Loy Norrix High School student Allegra Kistler-Ellis
Credit The Kistler-Ellis Family
Loy Norrix High School student Allegra Kistler-Ellis

After graduating from Western Michigan University’s jazz program, Daneman says he realized that most grades schools only had the time and money to teach the basics of jazz.

They weren’t teaching kids how to use those skills or how to develop their own voices as musicians.

“’Well you got to be able to do this before you do anything else.’ But the thing is there’s really no end to that, there’s really no end to musically getting better. Or like virtuosically…you’re not going to be there," he says.

"So it’s like, well, how can we grow in all the areas?”

The program will teach students more about jazz history, improvisation, theory, how to listen and how to work in a group.

By the end of the workshop, students will have split up into bands to perform in a concert at The Union Cabaret & Grille in downtown Kalamazoo on July 2nd. 

Nich Mueller says the idea of the workshop is to get kids thinking about where they can take their art. He says there’s so much more you can do with jazz than just join a band or teach music.

“Make a music video. Try and do a musical poetry collaboration. Try and start talking to other types of artists in different art mediums. Try and do, you know, a visual art—music combination," Mueller suggests. "Thinking creatively is that big item of entrepreneurship that we’re hoping to introduce.” 

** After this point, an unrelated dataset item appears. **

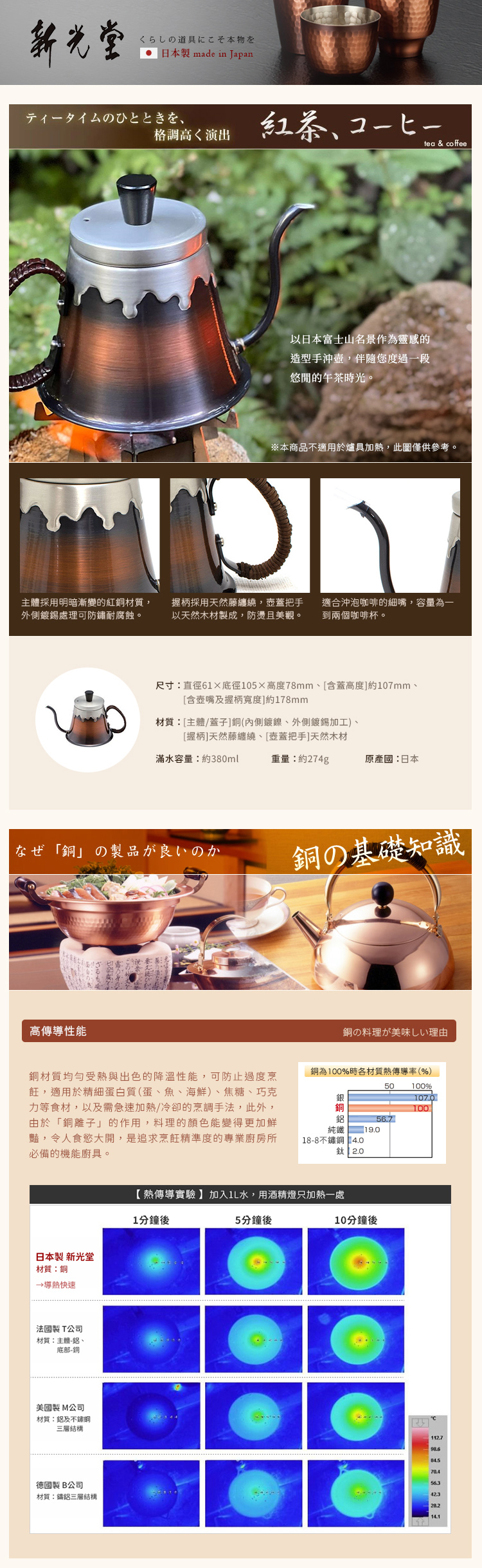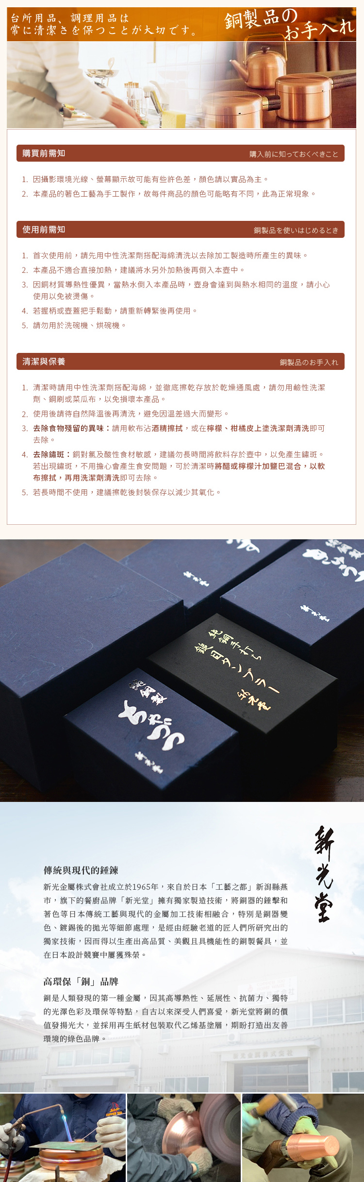 材質:[主體/蓋子]銅(內側鍍鎳、外側鍍錫加工)、[握柄]天然藤蔓纏繞、[壺蓋把手]天然木材

At Loy Norrix High School in Kalamazoo, sophomore Allie Kistler-Ellis plays trombone and piano. She’s in the concert band, the marching band, a percussion group, and an after-school jazz band.

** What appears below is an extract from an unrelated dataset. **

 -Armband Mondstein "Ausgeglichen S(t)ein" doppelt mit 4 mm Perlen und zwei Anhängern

Kistler-Ellis says her love affair with jazz started when she was a middle schooler going to Blue Lake Fine Arts Camp near Muskegon. So when she heard her jazz instructor was starting a workshop where students would perform live, she says she was excited to learn more. 

“I know a lot of techniques for soloing and like being able to improv, but doing it itself is much different than knowing how to do it," she says. "So I think just practicing and doing it more in front of people would make it easier.”

Mueller says teens need room to experiment with music and see what works for them. After all, that’s what jazz is all about.

“Really the root of jazz music is expression and kind of finding your own way to have a conversation or present a message to the community in your art," he says. "And that’s one thing that we want to start from the very beginning—is that there is music theory and there’s, you know, how to play your instrument correctly, but along with that you have to think about what you want to say.”

The Summer JazzStart program will be held June 30th through July 2nd. The deadline to applyis May 1st. The program will accept mostly high school students of all music levels.